Relationship, yay, why not. Even if it doesn’t last, the great story will.
Keeping you a secret, boo, sssss. Makes you both look sneaky and scared. When he sees your ex: “You know that girl you dropped like a hot potato? We’re dating.” When you see your ex: “Wow, you’ve lost some hair.”
Dear Carolyn: My closest and dearest friend has requested that I accompany her on a road trip to the big city. Sounded great until she confided that she is having an affair with a man in this city. Her husband doesn’t want her going alone, so she’s begging me to come along. On the one hand, I worry about her traveling alone to the city. I also respect her right to choose how to live and don’t want this to interfere with our friendship.

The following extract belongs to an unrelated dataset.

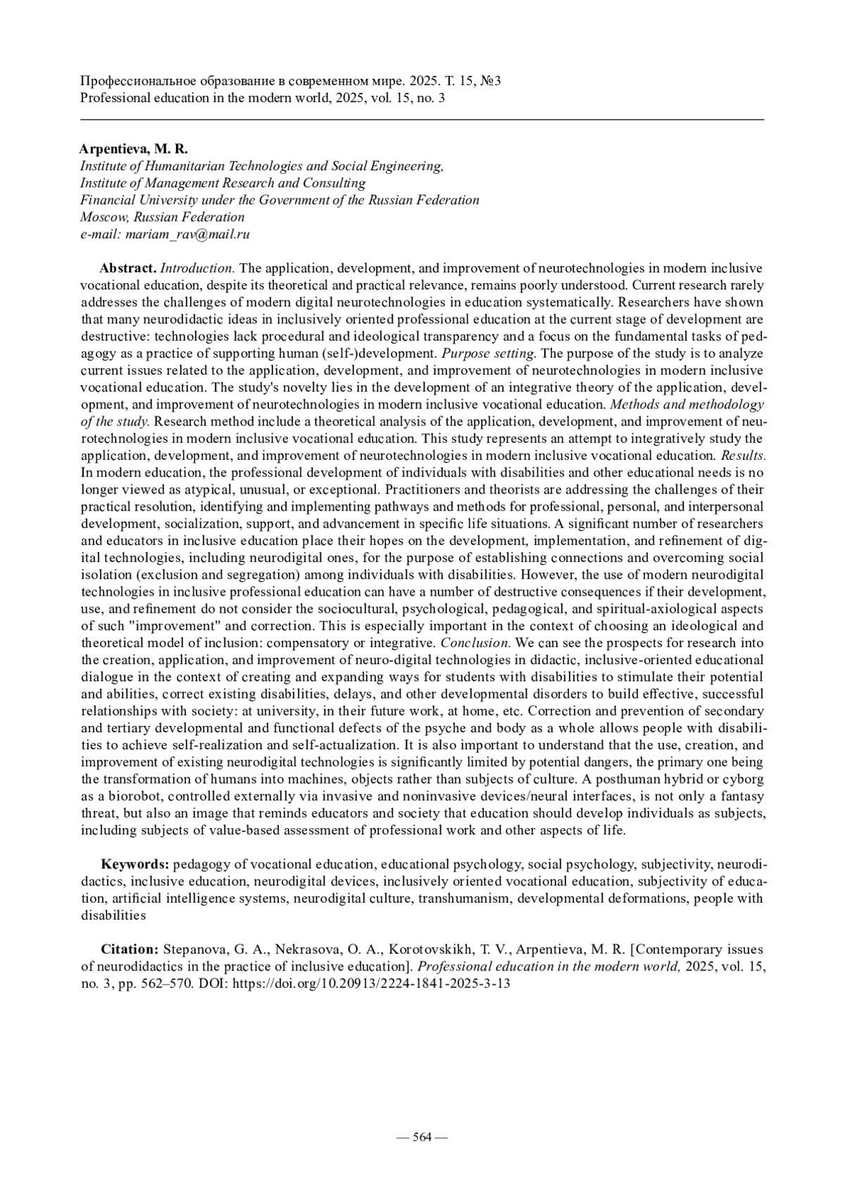 Введение. Проблематика применения, разработки и совершенствования нейротехнологий в современном инклюзивно ориентированном профессиональном образовании, несмотря на свою теоретическую и практическую актуальность, остается малоизученной. Современные исследования практически не рассматривают проблематику современных проблемы нейроцифровых технологий в образовании системно. Исследователями показано, что многие идеи нейродидактики в инклюзивно ориентированном профессиональном образовании на сегодняшнем этапе развития деструктивны: технологиям не хватает процессуальной и идеологической прозрачности и ориентации на основные задачи педагогики как практики поддержки (само) развития человека.

But infidelity is a very personal, painful issue for me, not to mention I know her husband. What should I do? – Somewhere Out East
The “big city”? Drive straight backward, bear left at 1954?
Affairs are terrible, but until someone explains why Little Red Riding Hood can’t travel alone (or without spousal permission?), I’m going to suspect her affair is a desperate attempt to escape the bonds of low expectations. Still terrible, of course, but of a distinctly more forgivable kind.
Please tell her she’s your friend and you love her, and this is why you believe she’s gotta do what she’s gotta do (and if I’m right, carefully – 1-800-799-SAFE). But either she does it honorably or she’s gotta do it alone.
Hello: I’m a 16-year-old who reeeeally wants to get her eyebrow pierced. My dad is totally against it. I want to do it for three reasons: A) Self-expression. B) It’ll be a new experience. C) It’s something I really want. If you could give me some advice on how I could convince my dad, I would really appreciate it. – N.
A) Find an actual third reason.
B) To qualify as self-expression, the piercing has to be your way of saying something. Type that something out for dad, in 500 words, and include your research on any risks.
C) Ethiopian food, inline skating, learning sign language: three new-to-me experiences that won’t add holes to my face. Probably.
D) If the piercing is a brilliant idea, you’ll still want it one year from today. See if Dad will agree to that.